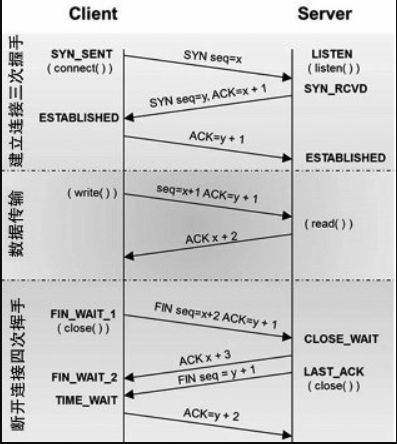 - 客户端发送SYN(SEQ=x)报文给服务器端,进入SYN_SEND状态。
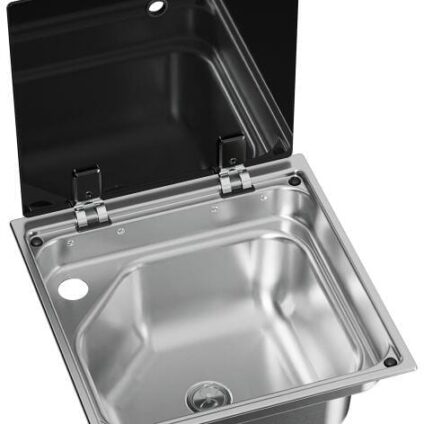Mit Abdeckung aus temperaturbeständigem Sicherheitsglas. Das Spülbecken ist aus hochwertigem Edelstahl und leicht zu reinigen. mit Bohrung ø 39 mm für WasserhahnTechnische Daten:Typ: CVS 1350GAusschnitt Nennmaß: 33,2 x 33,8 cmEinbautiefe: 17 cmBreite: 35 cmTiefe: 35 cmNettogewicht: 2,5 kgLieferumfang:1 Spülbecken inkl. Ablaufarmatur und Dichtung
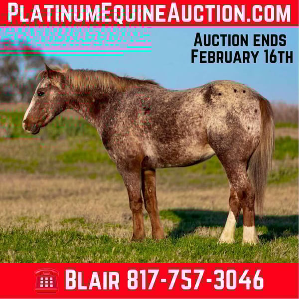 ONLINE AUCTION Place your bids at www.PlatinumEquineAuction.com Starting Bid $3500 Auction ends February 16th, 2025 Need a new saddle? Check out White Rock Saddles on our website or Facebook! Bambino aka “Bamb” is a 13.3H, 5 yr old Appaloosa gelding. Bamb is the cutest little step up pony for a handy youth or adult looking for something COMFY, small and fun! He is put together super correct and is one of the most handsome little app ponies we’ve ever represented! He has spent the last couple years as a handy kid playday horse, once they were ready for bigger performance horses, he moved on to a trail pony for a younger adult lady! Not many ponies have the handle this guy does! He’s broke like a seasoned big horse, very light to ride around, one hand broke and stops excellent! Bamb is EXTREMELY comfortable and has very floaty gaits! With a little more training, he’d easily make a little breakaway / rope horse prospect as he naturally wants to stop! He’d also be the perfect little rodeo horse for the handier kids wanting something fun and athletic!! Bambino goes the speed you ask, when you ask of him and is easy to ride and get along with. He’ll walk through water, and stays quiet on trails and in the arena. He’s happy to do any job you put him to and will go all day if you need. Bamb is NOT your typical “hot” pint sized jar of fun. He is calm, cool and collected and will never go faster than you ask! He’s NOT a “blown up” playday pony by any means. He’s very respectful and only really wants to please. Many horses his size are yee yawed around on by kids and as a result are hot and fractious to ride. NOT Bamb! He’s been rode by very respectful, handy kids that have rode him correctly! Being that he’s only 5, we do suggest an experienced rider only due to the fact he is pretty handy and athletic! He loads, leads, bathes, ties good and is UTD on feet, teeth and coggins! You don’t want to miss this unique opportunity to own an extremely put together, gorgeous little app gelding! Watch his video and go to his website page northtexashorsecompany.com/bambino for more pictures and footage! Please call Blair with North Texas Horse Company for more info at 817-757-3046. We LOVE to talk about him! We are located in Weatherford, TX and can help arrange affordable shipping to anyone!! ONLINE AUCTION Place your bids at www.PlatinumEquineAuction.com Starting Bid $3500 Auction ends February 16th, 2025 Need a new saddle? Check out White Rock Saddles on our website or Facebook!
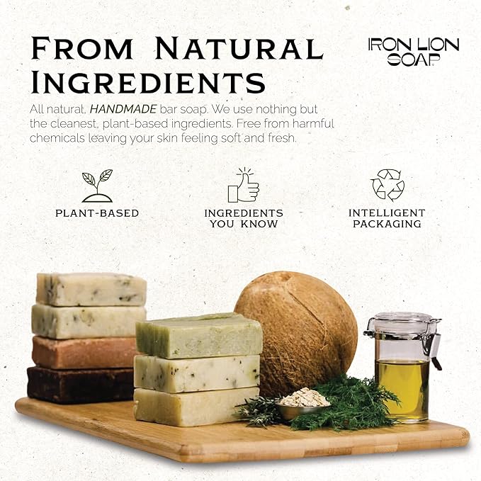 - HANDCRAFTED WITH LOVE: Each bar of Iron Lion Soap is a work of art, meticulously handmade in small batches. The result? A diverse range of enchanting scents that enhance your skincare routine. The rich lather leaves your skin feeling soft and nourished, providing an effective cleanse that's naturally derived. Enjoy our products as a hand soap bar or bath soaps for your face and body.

Task brief: All that is wanted is the run of lines from the start of the material through the line that holds "Mit Abdeckung aus", retyped exactly, with no pictures.

The completed task:
 - 客户端发送SYN(SEQ=x)报文给服务器端,进入SYN_SEND状态。
Mit Abdeckung aus temperaturbeständigem Sicherheitsglas. Das Spülbecken ist aus hochwertigem Edelstahl und leicht zu reinigen. mit Bohrung ø 39 mm für WasserhahnTechnische Daten:Typ: CVS 1350GAusschnitt Nennmaß: 33,2 x 33,8 cmEinbautiefe: 17 cmBreite: 35 cmTiefe: 35 cmNettogewicht: 2,5 kgLieferumfang:1 Spülbecken inkl. Ablaufarmatur und Dichtung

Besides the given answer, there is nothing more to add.